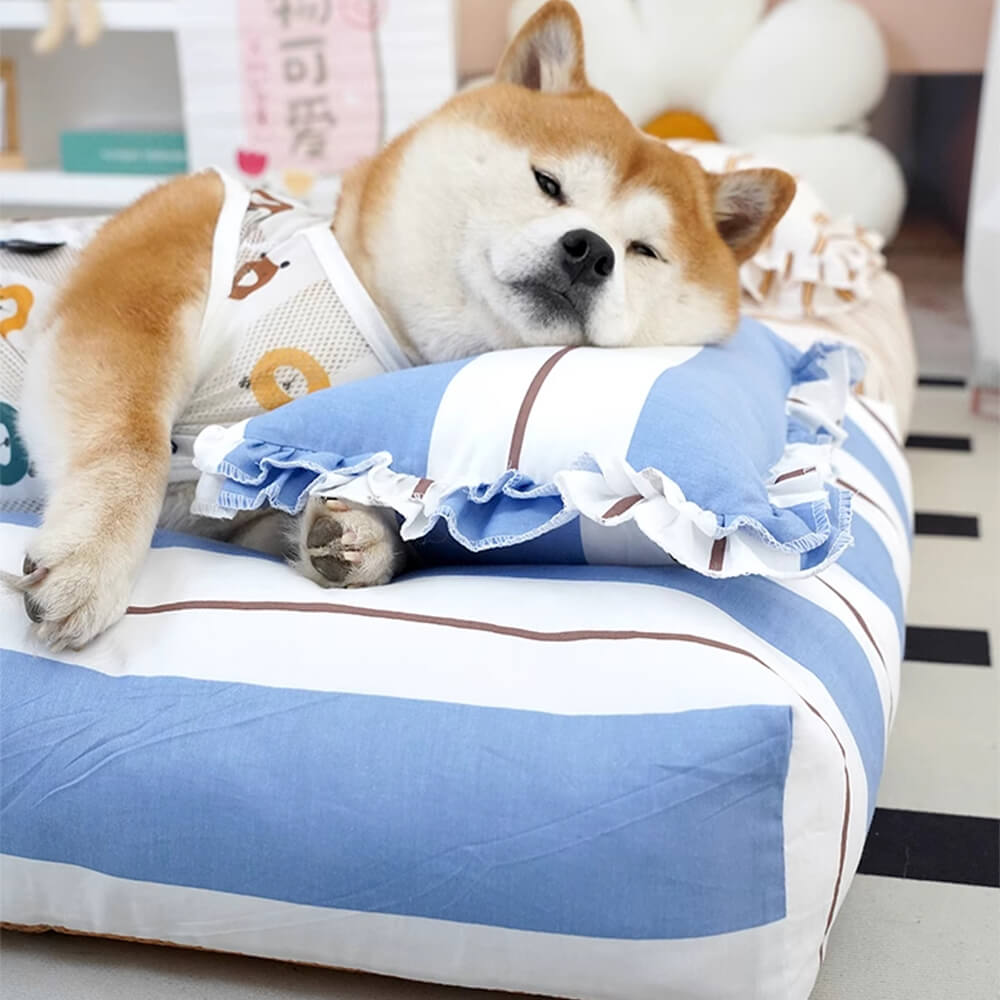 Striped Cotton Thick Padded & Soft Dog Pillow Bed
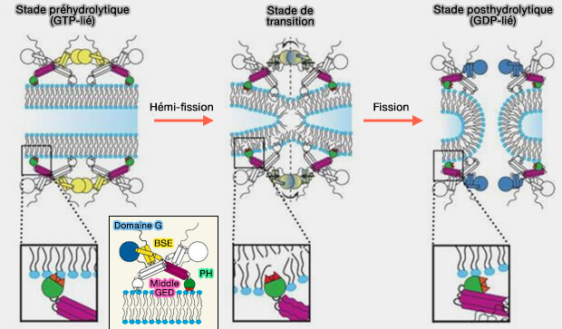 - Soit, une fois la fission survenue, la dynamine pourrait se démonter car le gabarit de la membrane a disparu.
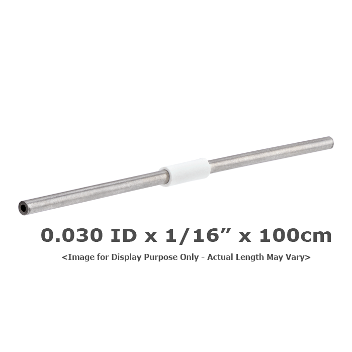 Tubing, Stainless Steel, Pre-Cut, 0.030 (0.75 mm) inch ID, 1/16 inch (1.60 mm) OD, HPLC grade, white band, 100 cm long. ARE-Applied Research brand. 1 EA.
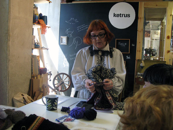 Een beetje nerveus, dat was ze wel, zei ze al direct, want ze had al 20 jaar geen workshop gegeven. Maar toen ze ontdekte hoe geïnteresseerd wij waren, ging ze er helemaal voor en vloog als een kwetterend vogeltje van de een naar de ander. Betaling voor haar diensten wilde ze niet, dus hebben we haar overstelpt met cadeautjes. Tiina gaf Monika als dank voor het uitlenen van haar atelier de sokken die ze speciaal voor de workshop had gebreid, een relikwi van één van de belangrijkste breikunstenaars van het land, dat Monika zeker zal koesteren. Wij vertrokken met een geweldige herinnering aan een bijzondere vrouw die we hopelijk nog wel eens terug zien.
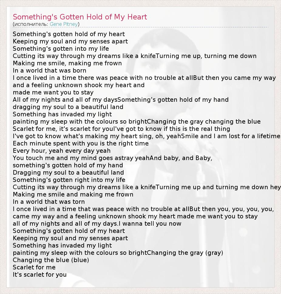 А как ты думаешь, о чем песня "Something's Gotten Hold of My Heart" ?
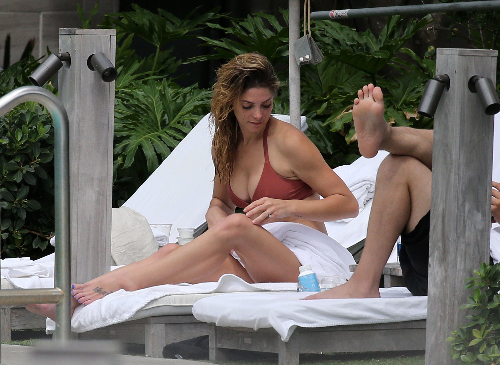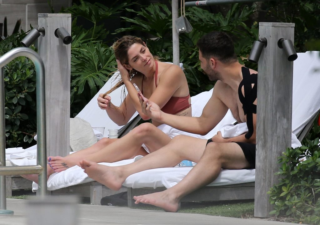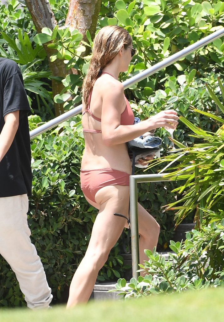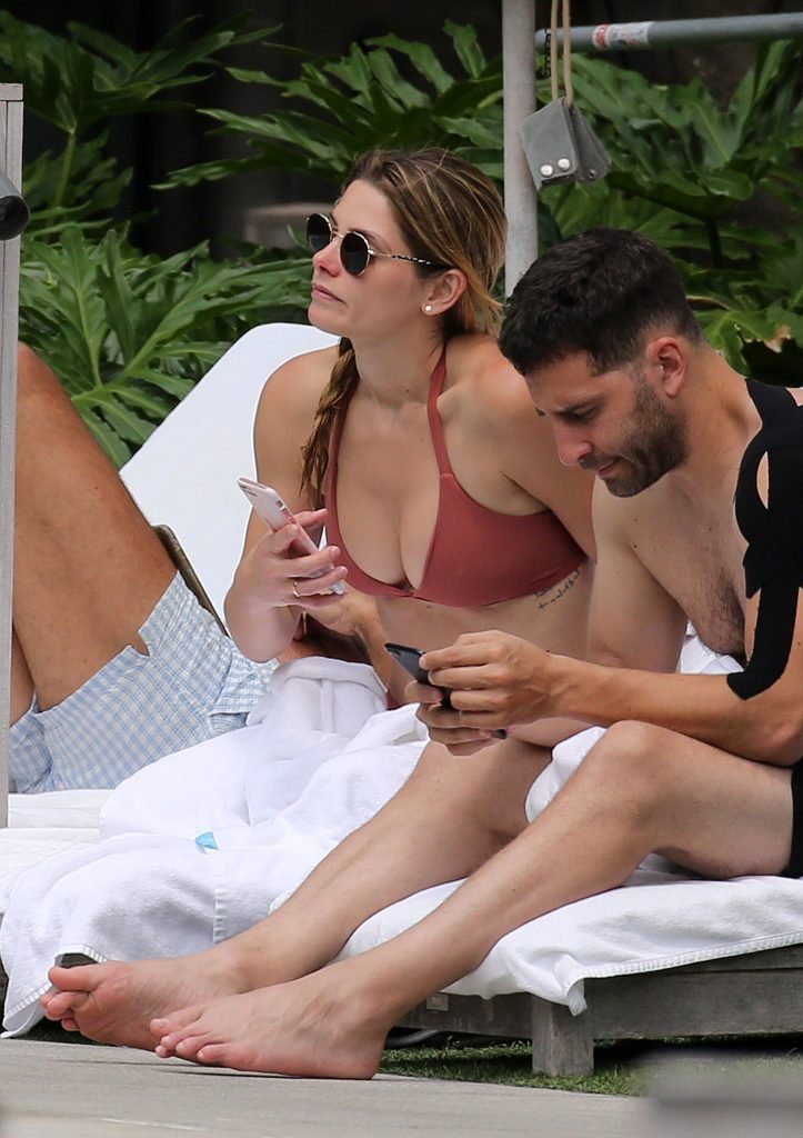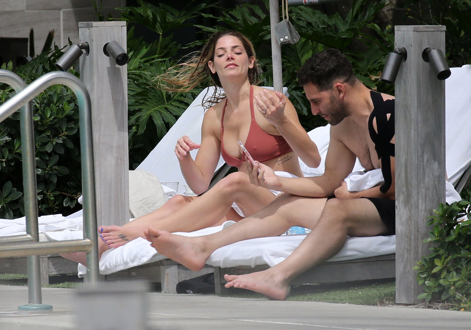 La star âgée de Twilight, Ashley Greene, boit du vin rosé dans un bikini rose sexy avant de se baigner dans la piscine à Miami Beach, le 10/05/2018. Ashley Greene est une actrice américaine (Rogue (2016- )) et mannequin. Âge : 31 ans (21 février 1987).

################

Activity
Skip the pictures. Please copy exactly the lines from the one with "- Soit, une" through the final line of the material above, both ends included.

Solution for this task
 - Soit, une fois la fission survenue, la dynamine pourrait se démonter car le gabarit de la membrane a disparu.
 Tubing, Stainless Steel, Pre-Cut, 0.030 (0.75 mm) inch ID, 1/16 inch (1.60 mm) OD, HPLC grade, white band, 100 cm long. ARE-Applied Research brand. 1 EA.
 Een beetje nerveus, dat was ze wel, zei ze al direct, want ze had al 20 jaar geen workshop gegeven. Maar toen ze ontdekte hoe geïnteresseerd wij waren, ging ze er helemaal voor en vloog als een kwetterend vogeltje van de een naar de ander. Betaling voor haar diensten wilde ze niet, dus hebben we haar overstelpt met cadeautjes. Tiina gaf Monika als dank voor het uitlenen van haar atelier de sokken die ze speciaal voor de workshop had gebreid, een relikwi van één van de belangrijkste breikunstenaars van het land, dat Monika zeker zal koesteren. Wij vertrokken met een geweldige herinnering aan een bijzondere vrouw die we hopelijk nog wel eens terug zien.
 А как ты думаешь, о чем песня "Something's Gotten Hold of My Heart" ?
 La star âgée de Twilight, Ashley Greene, boit du vin rosé dans un bikini rose sexy avant de se baigner dans la piscine à Miami Beach, le 10/05/2018. Ashley Greene est une actrice américaine (Rogue (2016- )) et mannequin. Âge : 31 ans (21 février 1987).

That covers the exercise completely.